Buone e cattive prassi

È di recente pubblicazione il libro Rifiuto genitoriale a cura di Conti P., Amato T., Odino A., Camerini G.B., Lopez G. e Gennari G. (Esculapio, 2025), in cui si propongono gli interventi più congrui ed efficaci in questi casi.

       Uno degli interventi più frequentemente posti in essere nel nostro Paese per favorire il recupero relazionale tra figli e genitori esclusi riguarda i cosiddetti incontri “protetti” in “spazio neutro”, non di rado accompagnati da sessioni di supporto psicologico o psicoterapia per il figlio, psicoterapia familiare e/o parent training. Questa fattispecie di incontri “protetti” genera una sorta di paradosso paradigmatico del setting: il genitore che ha subito l’esclusione è spesso quello da cui il figlio viene tecnicamente “protetto”, mentre quello che l’ha cagionata è spesso considerato una “base sicura” presso cui mantenere collocato il figlio. Per meglio comprendere il paradosso, va anche considerato che gli incontri “protetti” nascono per favorire il diritto alla continuità relazionale tra figli abusati o maltrattati e genitori abusanti o maltrattanti e seguono pertanto un’impostazione metodologia conseguente (Lopez, 2018), laddove servirebbero invece programmi d’intervento specifici per i casi di rifiuto genitoriale. L’esperienza di lavoro rileva, altresì, come nella stragrande maggioranza dei casi questi programmi di trattamento non risolvano il rifiuto né le pressioni condizionanti da parte del genitore alienante o sottrattore, dando non di rado luogo ad ulteriori ricorsi giudiziari da parte del genitore escluso.
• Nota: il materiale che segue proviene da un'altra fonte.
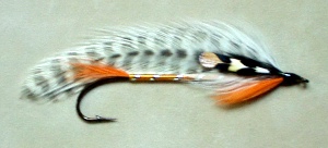 Tied by: Darren MacEachern Originated by: Gray Wolf Hook: Mustad 3907 B #4 Thread: White fwn Tag: Flat silver tinsel Tail: Orange schlappen fibers...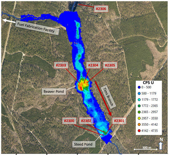 Sampling locations identified on a heat map of U concentrations (counts per second, CPS; map based on data from Kaplan et al. [23]) of the Times Branch wetland, Savannah River Site (SRS). The U and Ni sources (Fuel Fabrication Facility), the upstream sediment sample (#2306), and the contaminated sediment samples (#2300–#2305) are noted. The heat map shows the spatial distribution of U activity in Tims Branch, especially showing the high concentration of U in Beaver Pond (1772 to 4735 CPS U) and Steed Pond (1772 to 2957 CPS U). The U activity on the heat map was determined from the gamma radiation produced by 234mPa (a daughter product of 238U, corrected for background) in >700,000 gamma spectra.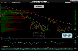 several of the shipping stocks have fallen back below their recent breakout levels, which may have triggered some tight stops for more active traders. for those longer-term traders that entered a position on the recent DRYS breakout and planned to give their stops more room to adjust for a higher profits target, i’ve added what looks to be an important technical level for the stock to hold on any pullback. for tracking purposes, i will considered this trade stopped out on a solid break below this level.
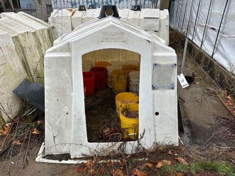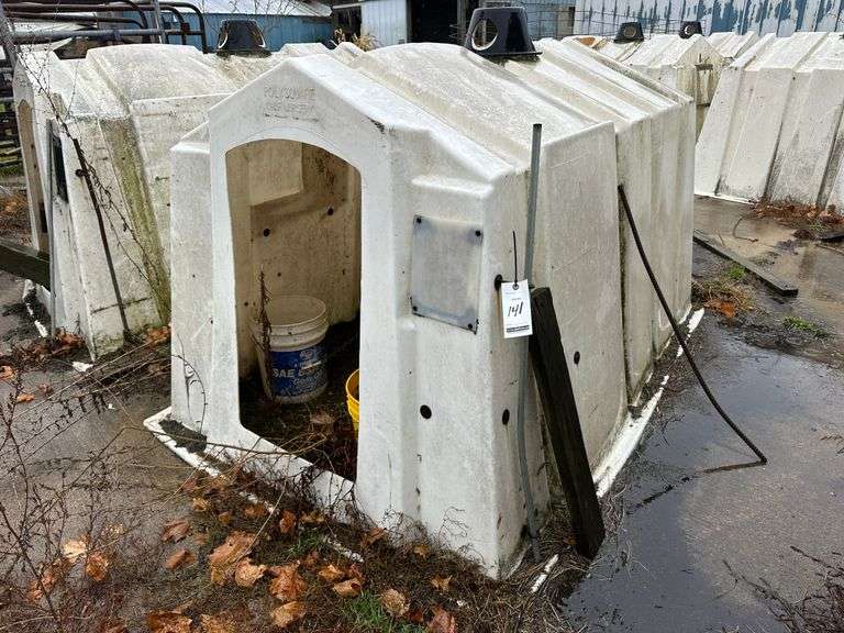 Poly Square Calf Hutch, No Cattle Panel. NOTE: Calf Hutches are Individually Numbered and Pictured. You are Bidding on the One Pictured. Some Hutches May Show Varying Degrees of Wear - if you are Concerned About the Wear, Please Come to the Preview or Call the Owner.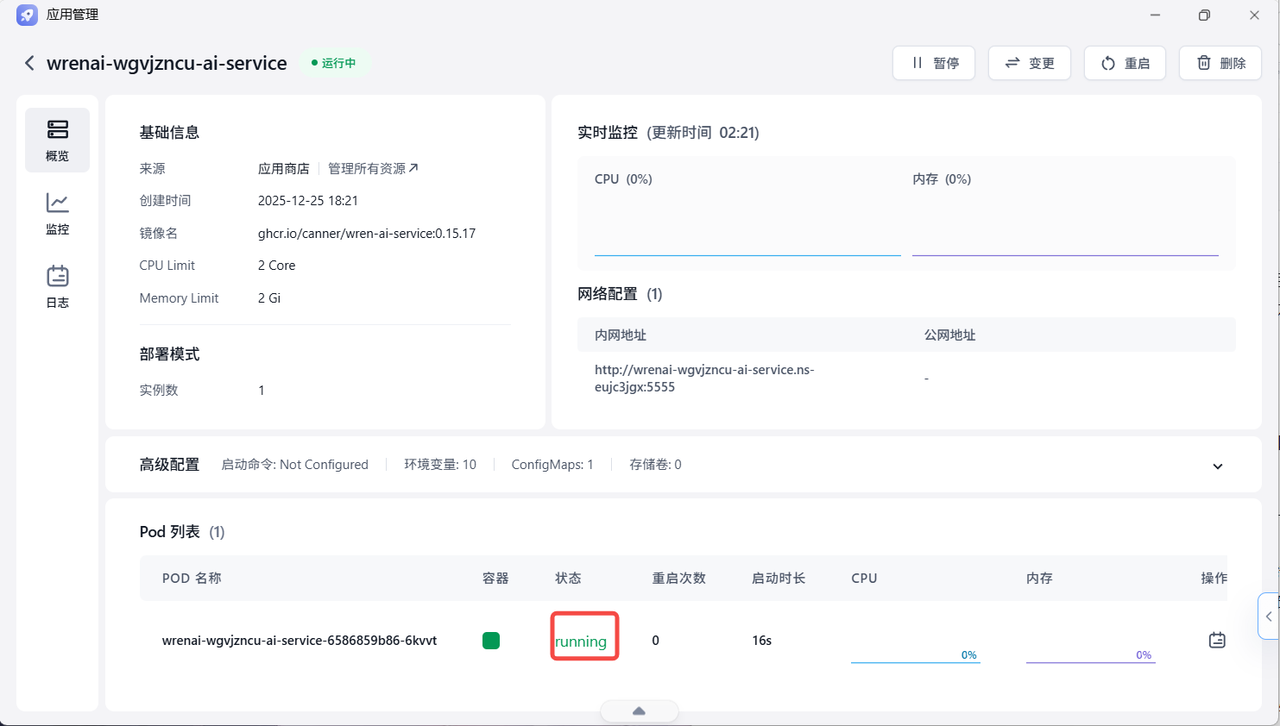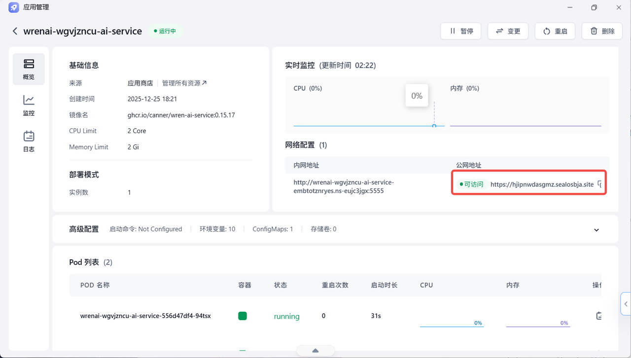Sealos 的自动化流程开始启动,它在后台完成了所有环境配置、依赖安装和服务整合。大约 3 分钟后 ,应用状态变为绿色的 Running 。我的私人 AI 数据分析师正式上岗!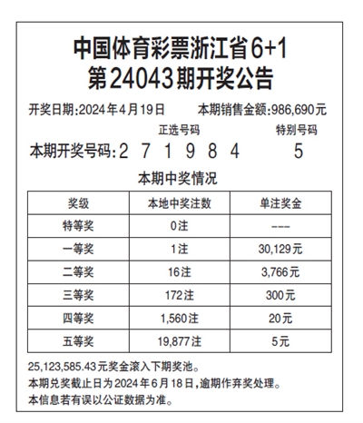 中国体育彩票浙江省6+1 第24043期开奖公告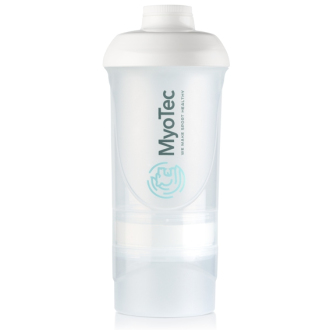 Velmi praktický šejkr MyoTec, se zásobníkem na prášek a kapsle.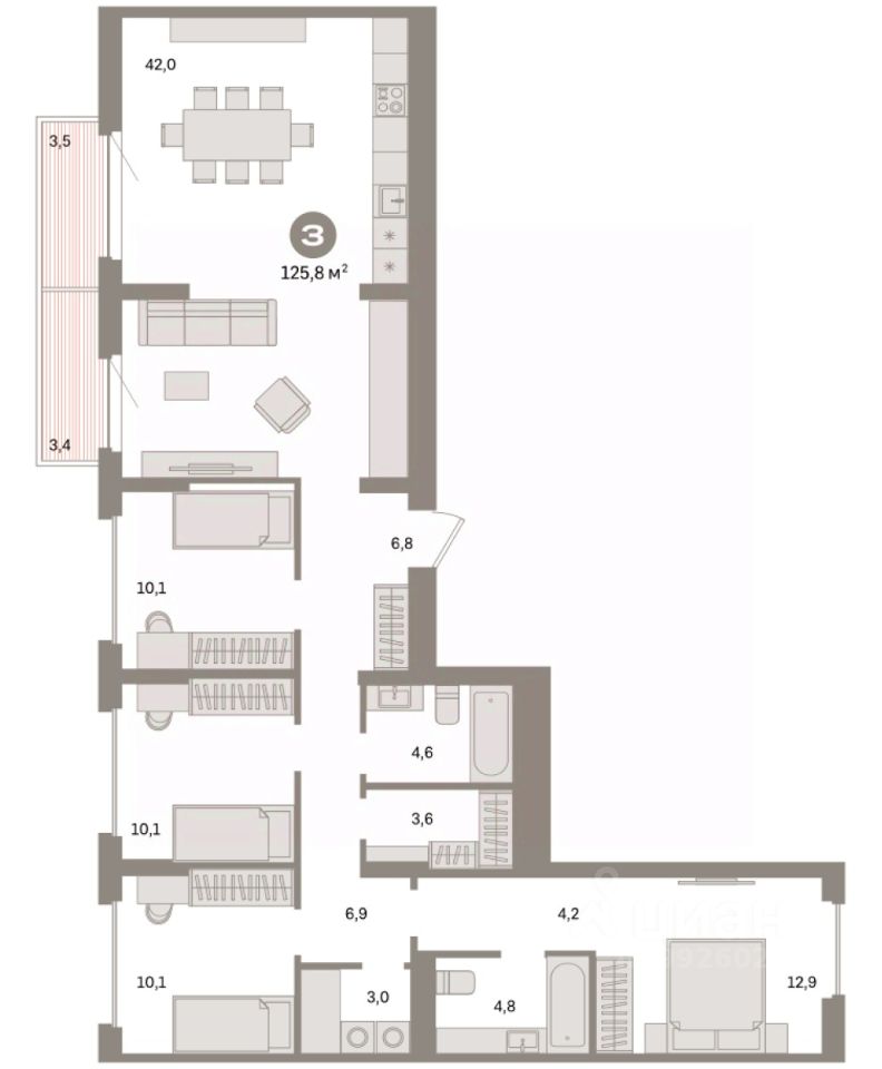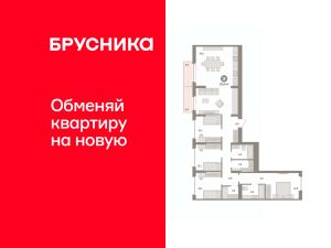 Квартира с кухней-гостиной и четырьмя спальнями в квартале "Депо". Особенности планировки: балкон, вид во двор, гардеробная, мастер-спальня, окна на две стороны, постирочная, предчистовая отделка, рабочий кабинет, разнесённые спальни.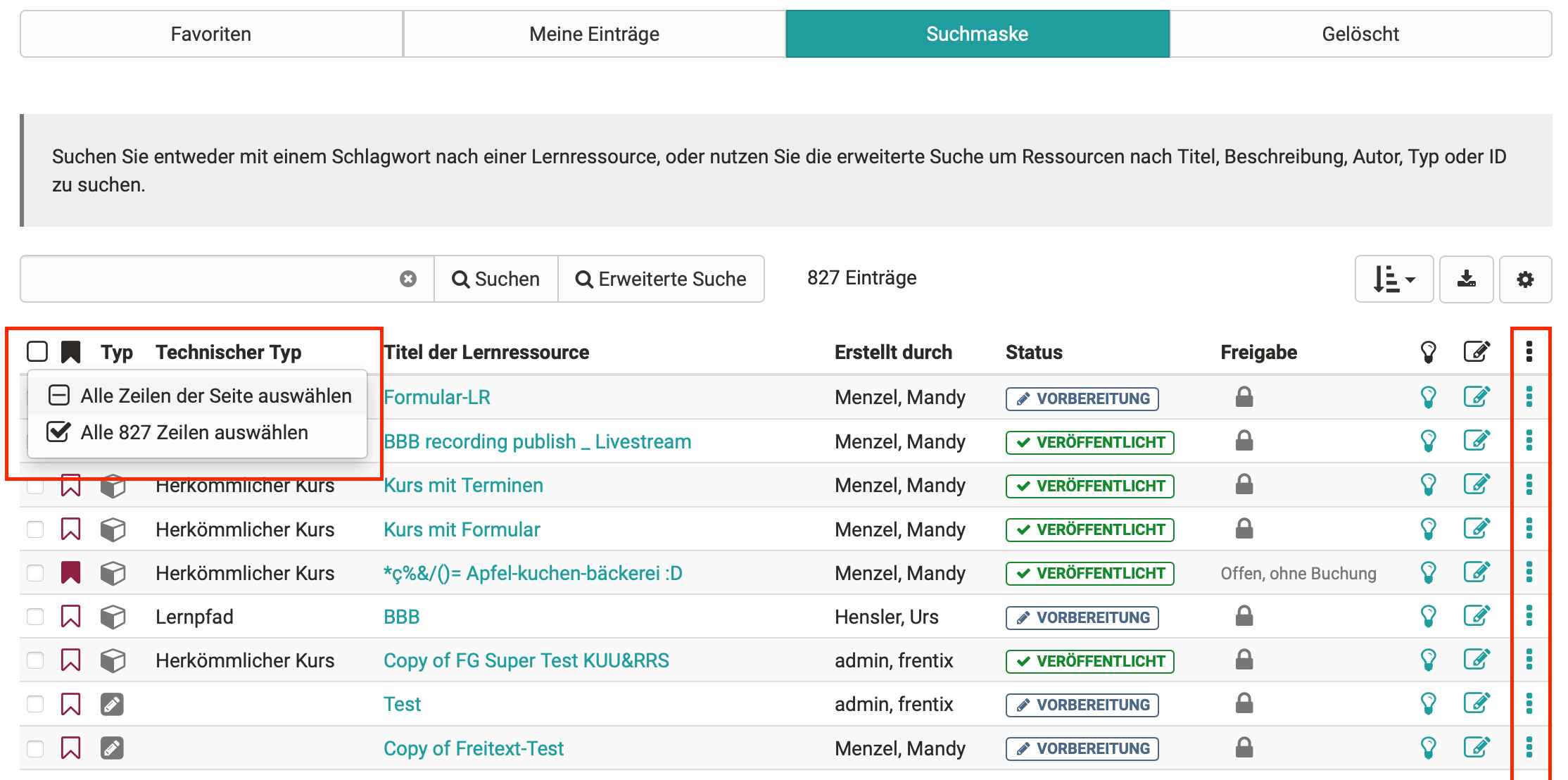 Ein Refactoring wurde für die Auswahl von Zeilen in Tabellen durchgeführt. So können nun alle Einträge der Seite oder der gesamten Tabelle über die Checkbox oben links selektiert werden.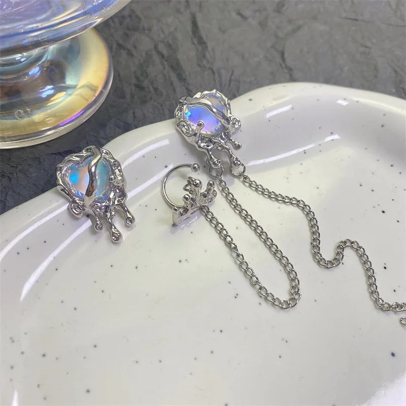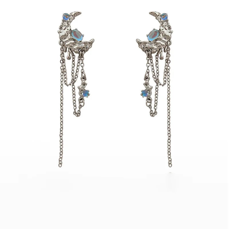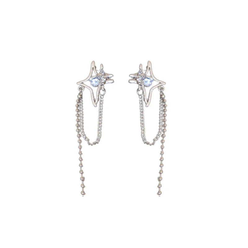 Fashion Korea Laser Stone Long Tassel Star Butterfly Earrings
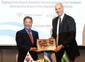President Lee Hag-jae of Incheon International Airport Corp. (IIAC) poses with President Omar N. Al-Midani of Vision Invest after they struck a contract on the operational service of Tashkent Airport in Uzbekistan on Oct. 14. (Photos: IIAC)Incheon In¡¦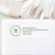 Your personalized monogram alphabet letters enclosed within a circular wreath of lovely fresh summer leaves and foliage.
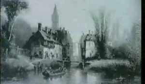 A Riverside Town Scene With Figures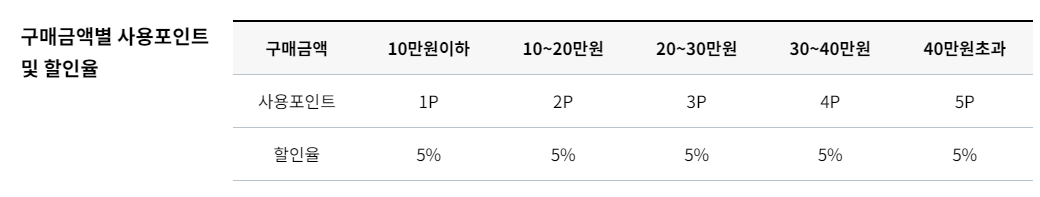 쇼핑몰에서의 구매별 사용포인트는 상품 가격에 따라 다르게 적용되는데요. 예를 들어 10만 원 이하의 상품을 구매할 때는 1포인트를, 40만 원 이상의 상품을 구매할 때는 5포인트를 사용할 수 있어요.
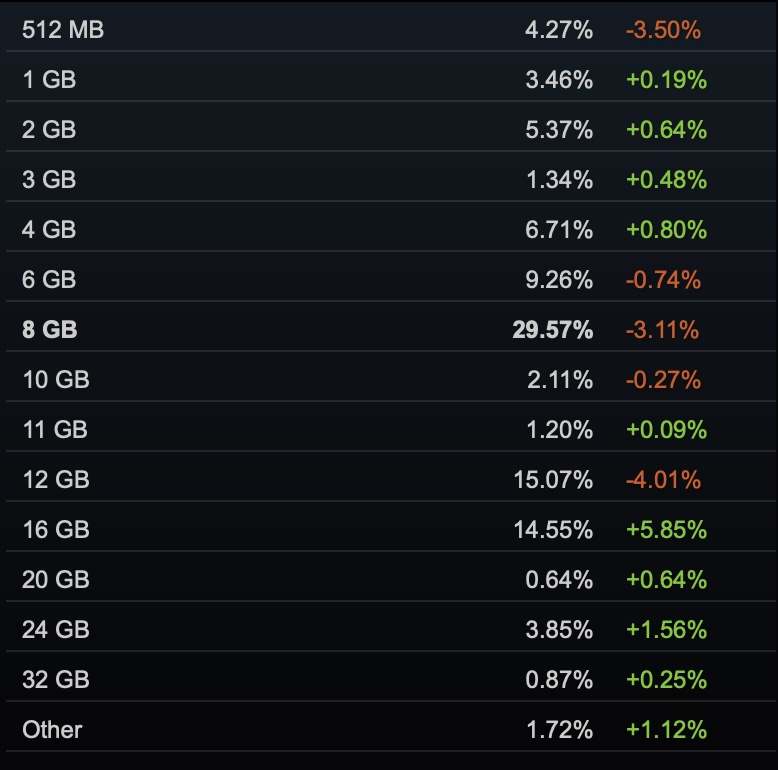 Örneğin, Ocak 2026 sonuçlar, oyun donanımlarının %29,57'sinin 8 GB VRAM ile donatıldığını gösterdi ki bu oldukça büyük bir rakam gibi görünüyor. Ne yazık ki Steam, hataların bildirilen verileri ne ölçüde etkilemiş olabileceğini açıklamadı.

     In assenza di specifica preparazione ed esperienza nel trattare bambini gravemente condizionati al rifiuto, gli operatori della salute mentale e della giustizia rischiano, altresì, di trovarsi confusi e di venire tratti in inganno nel tentativo di decodificare il comportamento del figlio, ritenendo erroneamente che alla base di esso possano esservi delle pur valide motivazioni, soprattutto quando siano state generate dichiarazioni fuorvianti contro il genitore rifiutato (Milchman, 2024; Reay, 2015).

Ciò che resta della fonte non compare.